Os especialistas alertaram que a preocupação aumentou com os casos recentes em todo o país, em que estudantes usaram armas de fogo em instituições de ensino. “O problema surge quando estes fenómenos simbólicos, que começam como ameaças ou jogos virais, se transformam em acontecimentos reais.“, explicaram.

Um fenômeno multicausal

Do ponto de vista profissional, tanto Iture como Ojero enfatizaram que estes acontecimentos não podem ser explicados por uma única causa. Pelo contrário, é um fenómeno multicausal que atravessa diferentes tipos de violência: estrutural, familiar, social, digital e mediática.
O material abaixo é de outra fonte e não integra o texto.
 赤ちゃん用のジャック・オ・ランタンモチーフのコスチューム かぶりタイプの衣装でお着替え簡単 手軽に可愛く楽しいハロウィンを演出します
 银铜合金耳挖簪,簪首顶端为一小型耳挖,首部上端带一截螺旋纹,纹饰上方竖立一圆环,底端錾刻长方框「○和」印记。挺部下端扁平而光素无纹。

Nesse sentido, apontaram que embora em alguns casos se falasse em bullying, havia outras variáveis, como a possível influência de comunidades virtuais que glorificavam a violência. “Estamos diante de cenários mais complexos que envolvem múltiplos fatores“, sustentaram.
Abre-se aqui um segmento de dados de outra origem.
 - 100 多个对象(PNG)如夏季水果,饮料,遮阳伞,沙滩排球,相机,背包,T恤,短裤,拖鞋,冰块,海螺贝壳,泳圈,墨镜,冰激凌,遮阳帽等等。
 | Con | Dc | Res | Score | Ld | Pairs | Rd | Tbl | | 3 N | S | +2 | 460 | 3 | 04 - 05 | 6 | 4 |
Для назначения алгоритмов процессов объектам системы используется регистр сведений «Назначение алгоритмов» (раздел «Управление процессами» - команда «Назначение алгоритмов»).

Adolescência, redes e sinais de alerta

Os especialistas também se concentraram nas características da adolescência. “Existe uma forte necessidade de pertencer a um grupo, mas ao mesmo tempo muitos adolescentes passam a maior parte do tempo sozinhos.Eles explicaram. Além disso, muitas famílias enfrentam longas jornadas de trabalho que limitam o apoio diário.

Neste contexto, alertaram para a importância de não subestimar alguns sinais. Comportamento agressivo, problemas de adaptação às normas organizacionais, problemas de manutenção de atividades em grupo ou mesmo abuso de animais podem ser indicadores de alerta.
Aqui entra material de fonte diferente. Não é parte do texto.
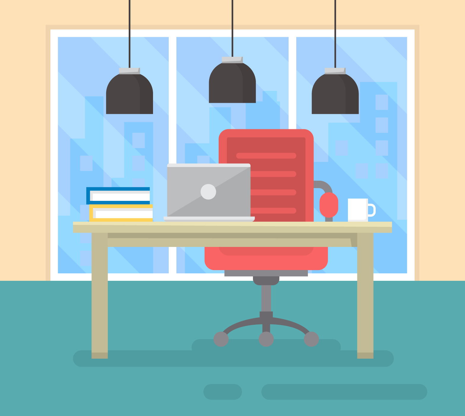 ![Офисный стол иллюстрация]()
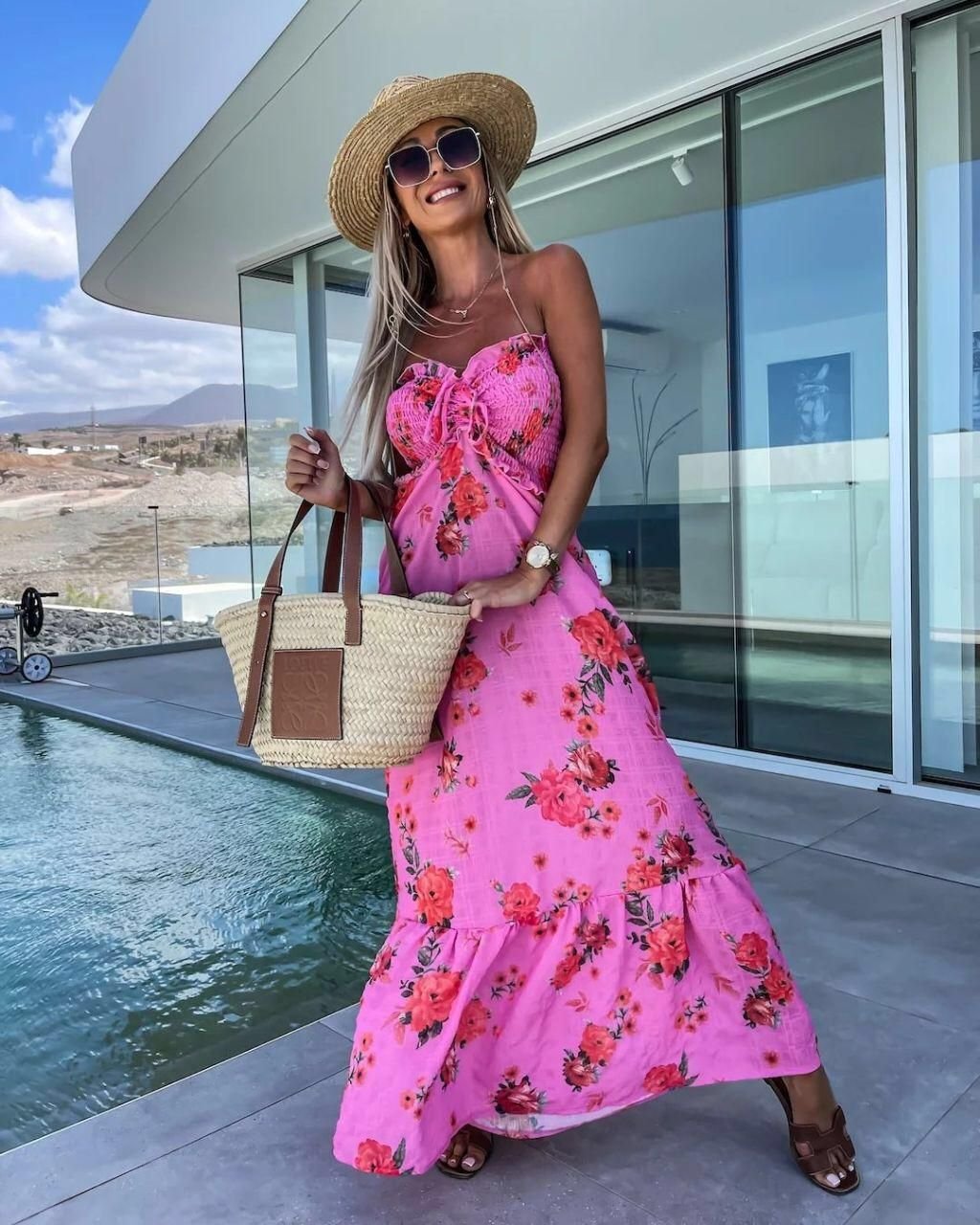 Kadın Krep Kumaş çiçek Desenli önünde Büzgü Detaylı Maxi Boy Elbise

É uma fase complicada e os adolescentes não devem ser negligenciados“, notaram.

Responsabilidade compartilhada

Outro ponto importante foi que não havia necessidade de confiar todas as responsabilidades a um único interveniente. “Não é só família ou só escolaExplicaram, observando que os professores também enfrentam condições de trabalho difíceis que dificultam a resolução destes problemas.

Por isso, destacaram a importância do trabalho integral e interdisciplinar nas instituições de ensino com equipes de psicólogos, psiquiatras e assistentes sociais que possam intervir tanto na prevenção como no apoio.

No entanto, alertaram que muitas vezes estas ações são tomadas quando o problema já começou, razão pela qual insistem na necessidade de as políticas serem sustentadas ao longo do tempo e de incorporarem estas questões em toda a sala de aula.

O papel das redes e da mídia

As ameaças detectadas nas escolas de Santiago forçaram a activação de protocolos de segurança e causaram medo em toda a comunidade educativa. Neste sentido, os especialistas observaram que as redes sociais, juntamente com a necessidade de visibilidade, podem levar os jovens a ultrapassar os limites.

Além disso, enfatizaram o papel da mídia. “A recorrência contínua ou a proximidade da doença podem produzir um efeito contagiosoEles alertaram e pediram relatórios responsáveis ​​e evitando a instalação de modelos de imitação.

Recomendações

Concluindo, os especialistas concordaram sobre a importância de criar espaços de escuta ativa para os adolescentes, fortalecendo o trabalho entre família e escola e utilizando os escritórios interdisciplinares existentes.

É uma questão complexa que requer uma análise profunda e uma abordagem colectiva.Observaram, ao mesmo tempo que insistiram na necessidade de uma acção responsável para evitar que estas ameaças se transformassem em acontecimentos reais.